Return the data exactly, without pictures.
[[ Supplied information, beginning ]]
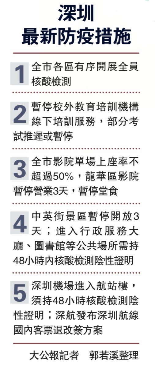 深圳市防控領導小組召開會議,部署防疫工作,強調要全面貫徹動態清零總方針,舉全市之力,加強防控工作,維護城市安全有序運行。即時加大力度,全力做好患者救治、流行病學調查溯源及隔離封控等工作,防止疫情擴散蔓延。緊盯口岸常態化防控,嚴格離境人員管理,做好深港聯防聯控。
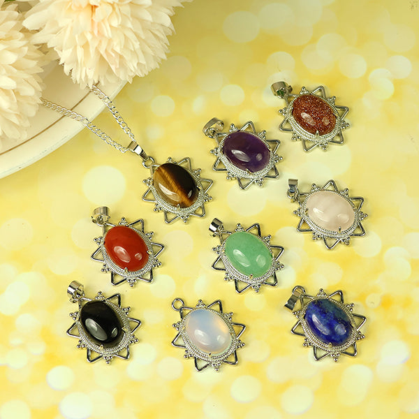 * Natural Crystal Stone Pendant | Oval Shape.* Energized by Experienced Reiki Grandmaster.* The pendant is made from Natural Stones so small holes, crack marks on the surface or inside the stones are often visible.* Note: The Crystal Stone Pendant is a spiritual accessory, and its perceived impact is often rooted in personal belief and intention.
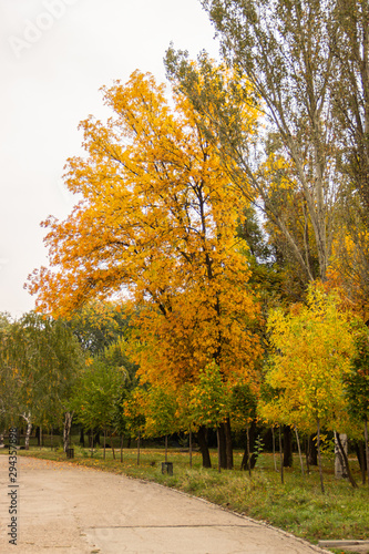 © Iryna, Naklejka premium Autumn bright color park with trees
[[ Supplied information, end ]]
(Answer for the task):
 深圳市防控領導小組召開會議,部署防疫工作,強調要全面貫徹動態清零總方針,舉全市之力,加強防控工作,維護城市安全有序運行。即時加大力度,全力做好患者救治、流行病學調查溯源及隔離封控等工作,防止疫情擴散蔓延。緊盯口岸常態化防控,嚴格離境人員管理,做好深港聯防聯控。
 * Natural Crystal Stone Pendant | Oval Shape.* Energized by Experienced Reiki Grandmaster.* The pendant is made from Natural Stones so small holes, crack marks on the surface or inside the stones are often visible.* Note: The Crystal Stone Pendant is a spiritual accessory, and its perceived impact is often rooted in personal belief and intention.
 © Iryna, Naklejka premium Autumn bright color park with trees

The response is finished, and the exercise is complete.